On Jan. 14, those were rhetorical questions designed to unite the activists. The looming prospect of homelessness and the constant reality of poverty is a heavy burden to shoulder. They’ve seen broken promises and neglect spanning administrations and candidates from both political parties. But peace of mind exists in community. The CICA members marched through the nasty precipitation in D.C. for a seat at the table — a chance to make sure their lives are valued as much as those willing to move into their neighborhoods.
Lenora B. Fulani is the director of Operation Conversation: Cops & Kids, a nonprofit operating in six cities that serves more than 10,000 young people in afterschool programs. She also holds the distinction of running for president in both 1988 and 1992, becoming the first black woman to land on the ballot in all 50 states. On Jan. 14, she was leading the housing activists’ march within the march.

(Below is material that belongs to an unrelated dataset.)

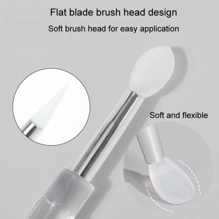 Ideal for rubbing powder into nail designs, applying subtle eyeshadow, or smoothing lip gloss. The flat leaf brush head provides steady coverage without dragging, while the transparent silicone tip wipes clean between uses. Note: brush only; other items not included.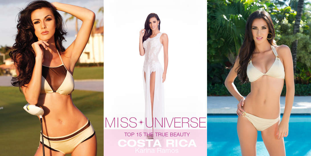 La costarricense Karina Ramos tiene uno de los mejores rostros de este año sin lugar a dudas, y es una de las candidatas más finas y elegantes por latinoamérica. Puede superar el Top 15 conseguido por su predecesora en el 2013 ya que no me la imagino quedándose pegada en el desfile de traje de baño, gracias a su impresionante forma física. Aunque muchos han criticado su elección en el traje de noche de la preliminar, en tonos oscuros, creo que era un diseño que se ajustaba a su belleza, sin distraer de lo importante, que es su rostro. No obstante, de pasar al Top 15 intuyo que lo cambiará por otro más llamativo.

Born in the projects of Chester, Pennsylvania, Fulani spent the first nine years of her life in the same conditions she has since committed her life to battling. Being poor in the richest country in the world “breaks her heart,” she said. Her years in politics and community activism cemented her belief that while Republicans disagree with Democrats and Democrats disagree with Republicans, neither care much about the poor.

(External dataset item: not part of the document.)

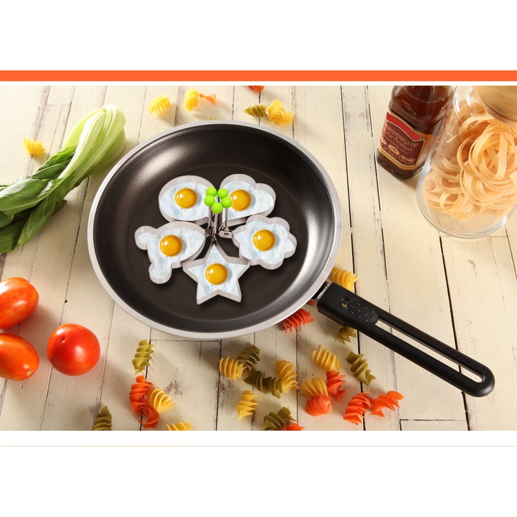 Thật tiện lợi khi chiếc chảo của bạn chỉ cần bật nóng, cho dầu dán rồi cho khuôn, đổ trứng hay bột làm bánh vào đó là bạn đã có những món ăn thật ngon. Cùng lúc có thể chiên trứng hay bánh với 5 hình cùng lúc thật là hấp dẫn và với hình ngộ nghĩnh như vậy thì bé sẽ thích thú và ăn ngon miệng. Bộ khuôn làm bằng chất liệu inox rất bền, sạch, và an toàn tuyệt đối cho thực phẩm, dễ dàng vệ sinh.

“I don’t think we’re any less empowered by the election of Donald Trump than we would be by the election of Hillary Clinton,” Fulani said, citing former President Bill Clinton’s 1996 welfare reform and its negative impact on poor communities. Even if Trump disappeared tomorrow, she said, the level of poverty would not decrease.

Rev. Al Sharpton and National Urban League President Marc Morial lead the “We Shall Not Be Moved” march January 14, 2017 at West Potomac Park in Washington, DC. National Action Network (NAN) held a rally and a march on Martin Luther King Day weekend “to warn President Trump and Congress that the fight for criminal justice, voting rights, affordable health care, improvements in education and other issues around equality and justice continues.”
Alex Wong/Getty Images
As the crowd walked into West Potomac Park, where the day’s speeches were about to begin, she spoke about how being poor involves far more than the lack of money. It’s bound up with poor education, the lack of community resources and violence that stems from the hopelessness these dilapidated environments foster.

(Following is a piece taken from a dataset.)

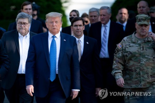 앞서 트럼프 대통령은 지난 1일 기자회견에서 '흑인 사망' 시위 사태 진압을 위한 군 동원 방침을 밝힌 직후 경찰이 백악관 인근 라파예트 공원에서 평화적으로 시위를 하던 사람들을 최루탄 등으로 강제 해산시키며 터준 길을 가로질러 세인트존스 교회를 방문, 성경을 들고 서 있는 이벤트를 연출한 것으로 엄청난 역풍에 직면했다.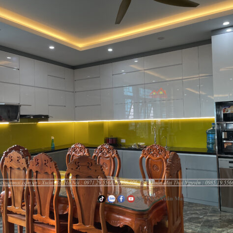 Tủ bếp trên kịch trần khung thùng chất liệu mdf lõi xanh chống ẩm phủ Melmaine, Cánh Acrylic bóng gương

“I don’t know what Trump is going to do. The point that I’m making is that the same kind of fury and concern that we have towards him, the Clintons deserve,” she said. “I think that that’s why 1 million blacks didn’t vote. And I don’t think they should be blamed for that. They should be applauded because what they’re saying to this nation is we’re not going to keep going back and forth between this and that when neither comes through.”
By now, protesters had rallied around the stage, with the Martin Luther King Jr. Memorial in the background facing the Potomac River. A stone’s throw away was the Franklin Delano Roosevelt Memorial. The sleet picked back up as Sharpton spoke. His demands for expanded voting rights, criminal justice reform, economic justice and the Affordable Care Act energized many, including Murray. She shouted in approval, even dancing in her turquoise poncho when stronger points were made.
Scott, meanwhile, searched for a pen so she could obtain more signatures to send to de Blasio. Her eyes were wet, and not only from the precipitation. Back at home, she knows families trying to survive another winter in conditions that are, at best, deplorable. No one cares, she said, because their voices don’t matter to those in power.
She pauses at the next question: What’s next for her if one day she becomes the victim she’s trying to protect? “That’s why we’re out here. We don’t know the future. We can march. We can protest against this. We try our best.”